A day for reading a book (yes, a whole book – that flight is long!); for doing several Sudoku puzzles (cut from papers and magazines – somehow could never connect with the little pamphlets); for taking a nap (wishful thinking, wishful thinking, but sometimes I get a cat-nap); for being off-line (to my way of thinking it is not an advantage that the airlines now offer it somewhat – although I do understand the business man’s need to keep on top of upcoming events), in short life in suspension.

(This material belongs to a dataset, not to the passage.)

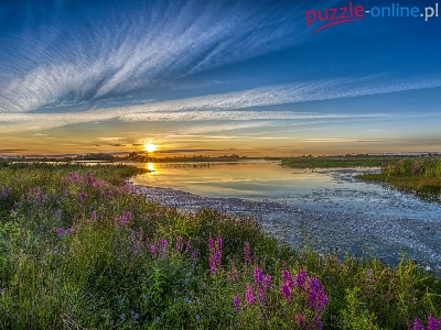 Chmury, Roślinność, Kwiaty, Rzeka, Wschód słońca, Łąka

Would I want to do it often? No
But occasionally a break from the world is not a bad thing.

stars on the ground
Lufthansa

Saturday, October 5, 2013

The life of Riley


As Yosemite Valley emptied, we lingered: the beauty of the meadows un-trampled by
human feet; the trees starting to drape themselves in yellow and the pristine blue skies and fresh air along with an absence of noise (and a ton of cars) made one want to hide out in a tent and get missed for the final count.

Half Dome

Yosemite Valley













We circled the various hotels and lodges, most of which were already shut, talked to a few other tourists who tarried and very much enjoyed a (brother Bob pulled out every time there was even one car behind us) leisurely exit from the park.

Tioga Pass
Granite
We had chosen to go out over the Tiago Pass and, although many were closed, we could still pull out occasionally to take in the splendors surrounding us: huge blocks of granite, followed by fields of shale; various pine trees as well as the odd animal (including a coyote in plain daylight); one alpine lake after the other – we had a “picnic” at Tenaya Lake even a couple of burnt logs from the Rim fire as they had managed to stop it from jumping Highway 120.


Coyote at Tuolome Meadows


Tenaya Lake


Stellar Jay
Tufas at Mono Lake

























 Going down the other side we enjoyed seeing the Tufa’s ("Tufa is a variety of limestone, formed by the precipitation of carbonate minerals from ambient temperature water bodies." as per http://en.wikipedia.org/wiki/Tufa) of  Mono Lake before traveling north only to turn around and go South when we realized that Mammoth was a lot closer than Tahoe. There we found a Westin hotel, off-season, probably not even half full where, for my joining the Starwood Group, we were able to obtain a two-bedroom, two-bath hotel suite. None of us could remember ever having stayed in such fine surroundings for a very reasonable price.
 After a trip along the coast with Scott and Alexandrine, a wedding in San Francisco at the Presidio,this trip to Yosemite and the Sierras, I truly feel like I am living the life of Riley!


Never fear – reality will set in soon enough as I return home.

Thursday, October 3, 2013

The Shutdown hasn’t affected the deer.

My brother got off on his hike to Half Dome at 6 a.m.: his wife and I took a more leisurely path.
 
A day of wandering, taking pictures of the local grey squirrels, a lovely red-headed woodpecker, a family of deer, then two “teenagers” who seemed to be wandering on their own – no mom in sight – the weather was perfect with the air clearer than yesterday.

Park employees are mostly very upset – we, as the lucky few – are enjoying the peace and quiet. Yes, many roads are closed, but there is sufficient food and restaurants in three areas to keep us fed and watered. As the park empties enjoying it with only the deer and other animals, sprinkled with a few humans here and there, makes for an extraordinary trip: one of my best to the park.

Half Dome as seen upon entering the park from the western end.